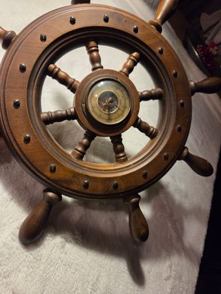 Timone in legno con barometro. Diametro 40 cm oggetto decorativo da appendere o mettere in mostra. Perfetto per arredo di casa al mare, locali di ristorazione al mare o luoghi originali e per aggiungere un tocco marino all'ambiente. Barometro in ottone perfettamente funzionante, epoca anni 70. #timone #mare #vintage #d'epoca Timone in legno con barometro integrato. - Design nautico classico. - Barometro con quadrante dettagliato.
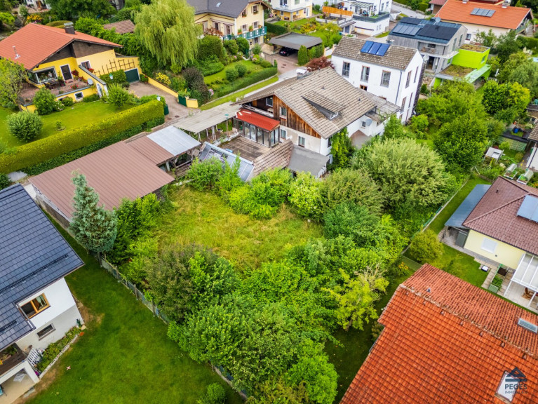 Das verkaufsgegenständliche Grundstück verfügt lt. Grundbuchauszug über eine Gesamtfläche von 1194 m² und eine südöstliche Ausrichtung, liegt inmitten einer sonnigen Wohnsiedlung und umfasst zwei Parzellen mit ca. 600 m² und 594 m², (davon sind lt. aktuellem Grundbuchauszug ca. 141 m² bzw. 200 m² Gebäudefläche, und ca. 459 m² bzw. 394 m² Gärten). Die Teilung des Grundstücks (zwei Parzellen) ist möglich bzw. der Erwerb der Liegenschaft kann entweder gesamt oder geteilt erfolgen. Der Wohnhausbestand auf der Liegenschaft ist vor einer Bebauung abzubrechen.
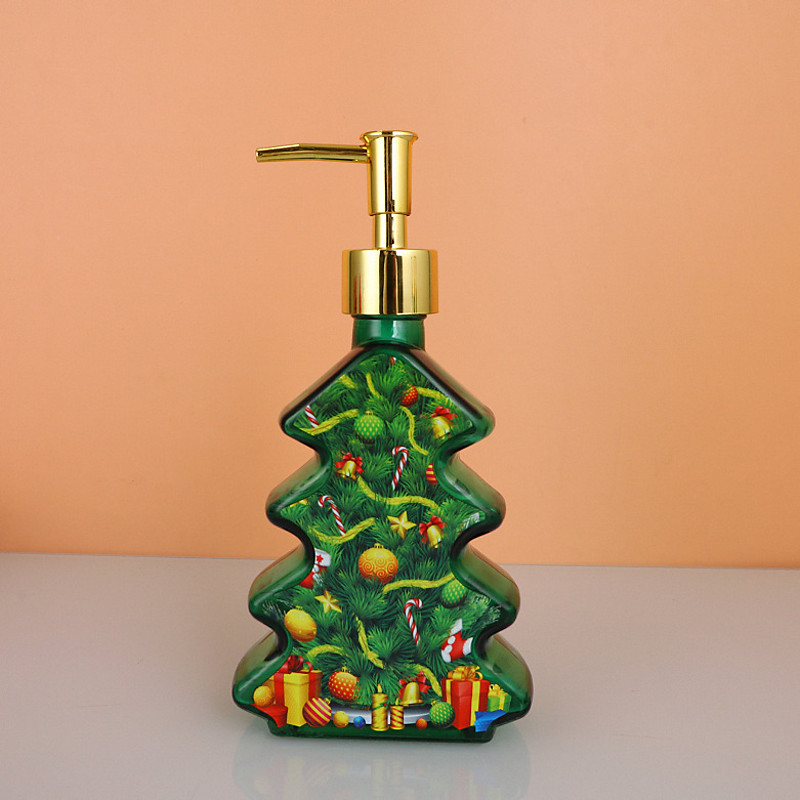Glass Christmas Tree Hand Pump Dispenser Bottle - 300ml Red/Green Reusable Travel-Sized Soap/Lotion/Cleanser Container with Golden Reindeer Snowflake Design for Kitchen, Bathroom, Office - Durable
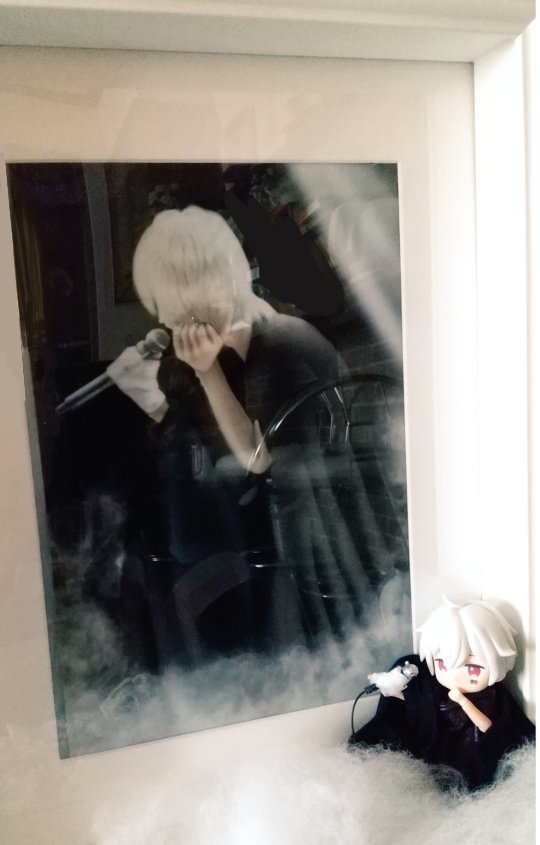 まふまふさんが、紅白に出場してから約1年!本当にかっこいいし、素敵だし感動したので、1年記念でねんどろいどで再現してみた!せっかくなので、私がその時に描いた絵を拡大にして額に入れたら、いい感じになったかも☺️ #まふあーと #まふまふねんどろいど #まふまふ

○ ○ ○ ○

Goal of the exercise: From the first line to the last, repeat the material exactly, but drop the pictures.

Answer space:
 Timone in legno con barometro. Diametro 40 cm oggetto decorativo da appendere o mettere in mostra. Perfetto per arredo di casa al mare, locali di ristorazione al mare o luoghi originali e per aggiungere un tocco marino all'ambiente. Barometro in ottone perfettamente funzionante, epoca anni 70. #timone #mare #vintage #d'epoca Timone in legno con barometro integrato. - Design nautico classico. - Barometro con quadrante dettagliato.
 Das verkaufsgegenständliche Grundstück verfügt lt. Grundbuchauszug über eine Gesamtfläche von 1194 m² und eine südöstliche Ausrichtung, liegt inmitten einer sonnigen Wohnsiedlung und umfasst zwei Parzellen mit ca. 600 m² und 594 m², (davon sind lt. aktuellem Grundbuchauszug ca. 141 m² bzw. 200 m² Gebäudefläche, und ca. 459 m² bzw. 394 m² Gärten). Die Teilung des Grundstücks (zwei Parzellen) ist möglich bzw. der Erwerb der Liegenschaft kann entweder gesamt oder geteilt erfolgen. Der Wohnhausbestand auf der Liegenschaft ist vor einer Bebauung abzubrechen.
Glass Christmas Tree Hand Pump Dispenser Bottle - 300ml Red/Green Reusable Travel-Sized Soap/Lotion/Cleanser Container with Golden Reindeer Snowflake Design for Kitchen, Bathroom, Office - Durable
 まふまふさんが、紅白に出場してから約1年!本当にかっこいいし、素敵だし感動したので、1年記念でねんどろいどで再現してみた!せっかくなので、私がその時に描いた絵を拡大にして額に入れたら、いい感じになったかも☺️ #まふあーと #まふまふねんどろいど #まふまふ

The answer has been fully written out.